Basic quickstart for Deep Learning using PyTorch (from official documentation: https://pytorch.org/)
PyTorch has two primitives to work with data: torch.utils.data.DataLoader and torch.utils.data.Dataset. Dataset stores the samples and their corresponding labels, and DataLoader wraps an iterable around the Dataset.
import torch
from torch import nn
from torch.utils.data import DataLoader
from torchvision import datasets
from torchvision.transforms import ToTensor, Lambda, Compose
import matplotlib.pyplot as plt
The torchvision.datasets module contains Dataset objects for many real-world vision data like CIFAR, COCO. We use the FashionMNIST dataset for this example. Every TorchVision Dataset includes two arguments: transform and target_transform to modify the samples and labels respectively.
# Download training data from open datasets.
training_data = datasets.FashionMNIST(
root="data", #root is the path where you want to store the Dataset
train=True,
download=True,
transform=ToTensor(),
)
# Download test data from open datasets.
test_data = datasets.FashionMNIST(
root="data",
train=False,
download=True,
transform=ToTensor(),
)
We pass the Dataset as an argument to DataLoader. This wraps an iterable over our dataset, and supports automatic batching, sampling, shuffling and multiprocess data loading. Here we define a batch size of 64, i.e. each element in the dataloader iterable will return a batch of 64 features and labels.
batch_size = 64
# Create data loaders.
train_dataloader = DataLoader(training_data, batch_size=batch_size, shuffle=True)
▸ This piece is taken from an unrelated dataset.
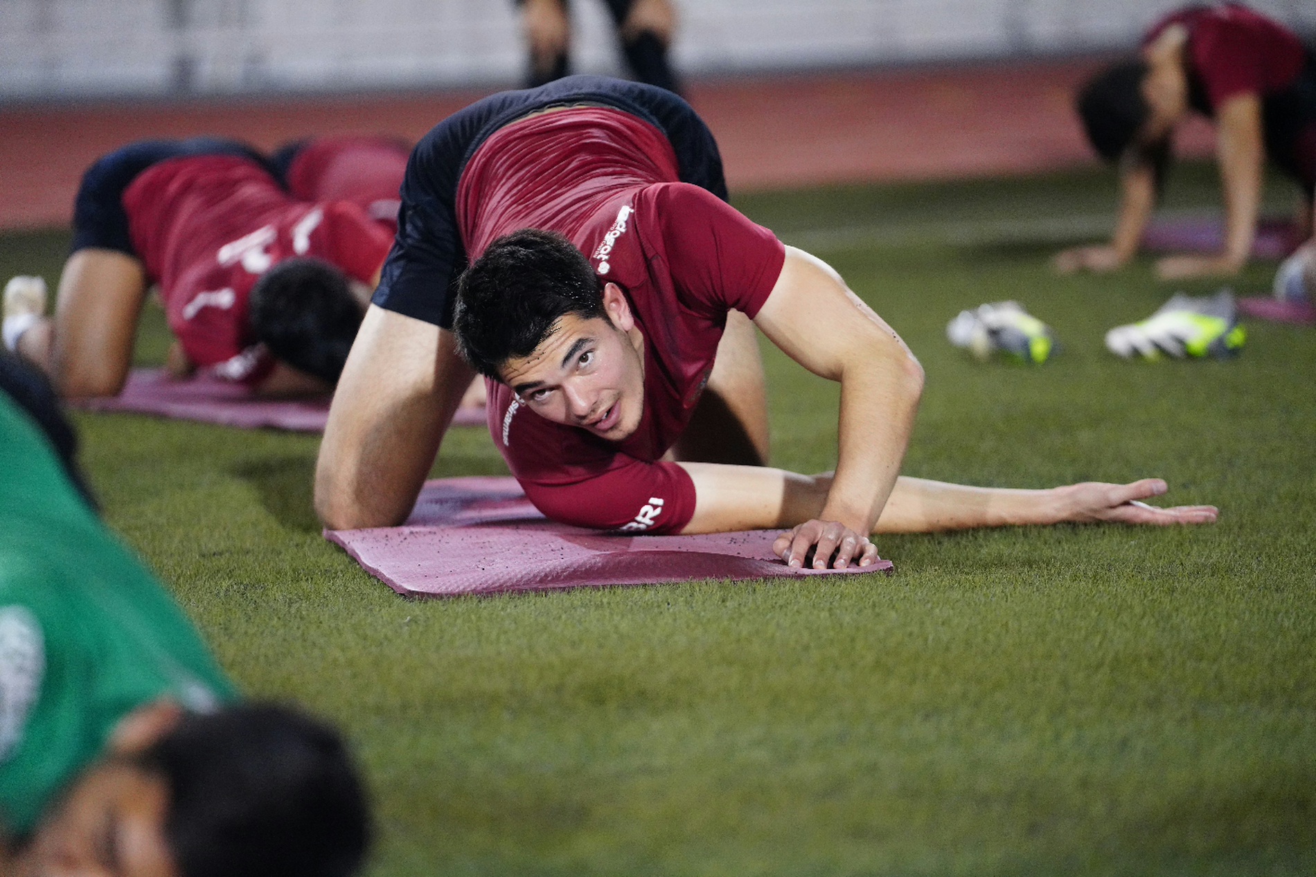 "seperti apa yang dilihat, rumputnya (stadion rizal memorial) bukan asli, tetapi sintetis. jadi kita fokus latihan pemulihan dan sekaligus latihan biar pemain cepat adaptasi dengan rumput sintetis," terang sty.

test_dataloader = DataLoader(test_data, batch_size=batch_size, shuffle=True)
for X, y in test_dataloader:
print("Shape of X [N for batch size, C for channel, H for height, W for width]: ", X.shape)
print("Shape of y: ", y.shape, y.dtype)
break
NB: next(iter(train_dataloader)) renvoie un tuple, avec les X par batch_size puis y les labels
To define a neural network in PyTorch, we create a class that inherits from nn.Module. We define the layers of the network in the __init__ function and specify how data will pass through the network in the forward function. To accelerate operations in the neural network, we move it to the GPU if available.
The size of the input is the size of the picture (here 28*28)
The size of the output is the number of different classes (here 10 classes)
nn.Flatten: We initialize the nn.Flatten layer to convert each 2D 28x28 image into a contiguous array of 784 pixel values ( the minibatch dimension (at dim=0) is maintained).
nn.Linear: The linear layer is a module that applies a linear transformation on the input using its stored weights and biases.
nn.ReLu: Non-linear activations are what create the complex mappings between the model’s inputs and outputs. They are applied after linear transformations to introduce nonlinearity, helping neural networks learn a wide variety of phenomena.
# Get cpu or gpu device for training
device = "cuda" if torch.cuda.is_available() else "cpu"
print("Using {} device".format(device))
# Define model
class NeuralNetwork(nn.Module):
def __init__(self):
super(NeuralNetwork, self).__init__()
self.flatten = nn.Flatten()
self.linear_relu_stack = nn.Sequential(
nn.Linear(28*28, 512),
nn.ReLU(),
nn.Linear(512, 512),
nn.ReLU(),
nn.Linear(512, 10),
nn.ReLU()
)
def forward(self, x):
x = self.flatten(x)
logits = self.linear_relu_stack(x)
return logits
model = NeuralNetwork().to(device) # convert to GPU format
print(model)
To train a model, we need a loss function and an optimizer.
loss_fn = nn.CrossEntropyLoss()
optimizer = torch.optim.SGD(model.parameters(), lr=1e-3)
In a single training loop, the model makes predictions on the training dataset (fed to it in batches), and backpropagates the prediction error to adjust the model’s parameters.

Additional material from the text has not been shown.